1. Field of the Invention
The present invention relates to an illuminating optical system which is adapted to be capable of illuminating samples or the like with a thin slit-like beam.
2. Description of the Prior Art
The conventional illuminating optical systems of this type are mainly classified into three types which are adapted:
(1) to prepare a slit-like beam by passing a collimated light through a slit and allowing the slit-like beam to fall directly onto a sample without transmitting said slit-like beam through an objective lens, (2) to form a contracted image of a slit by irradiating a slit with a light emitted from a light source and allowing the image of the slit to fall onto a sample , and (3) to form a fringe pattern in the vicinity of a sample by allowing two laser beams to interfere with each other and allow a portion having the highest light intensity of the fringe pattern to fall onto the sample through a slit placed immediately before the sample.
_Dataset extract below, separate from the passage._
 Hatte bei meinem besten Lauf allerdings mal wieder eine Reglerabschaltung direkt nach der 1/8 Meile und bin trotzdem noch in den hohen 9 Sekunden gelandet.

However, the optical system of the type (1) requires, for obtaining a thin slit-like beam, a very thin slit which is difficult to manufacture and increases loss of light amount in practice. Further, the optical system of the type (2) poses a problem that the operability deteriorates remarkably since the distance between the objective lens and the sample (working distance) shortens if the objective lens is intended to have high contraction ratio. Furthermore, when the optical system of the type (2) uses two objective lenses at the same time, these objective lenses will interfere with each other. Accordingly, the optical system of the type (2) prevents use of objective lenses having so high contraction ratios, and requires, for obtaining a slit-like beam, a thin slit not so extreme as the thin slit for the optical system of the type (1) , and poses the problem similar to that of the optical system of the type (1). Moreover, when an optical member functioning as a cylindrical lens (for example, a thin water flow) exists between the objective lens and the sample as in a case of light measurement using a flow cytometer (hereinafter abbreviated as F.C.M.), the optical system of the type (2) poses a problem that the optical member functioning as a cylindrical lens has a longitudinal refractive index which is different from the lateral refractive index thereof, and the optical system cannot form an image of the slit having favorably corrected aberrations only with the objective lens which is a coaxial system. Moreover, the optical system of the type (3) poses a problem that, when it uses diffracted beams, the fringe pattern is blurred unless the pattern is formed on the sample and the slit must be placed almost in contact with the sample, thereby remarkably degrading the optical system. In addition, the optical system of the type (3) uses only the central portion the fringe pattern and causes remarkable loss in the amount of light.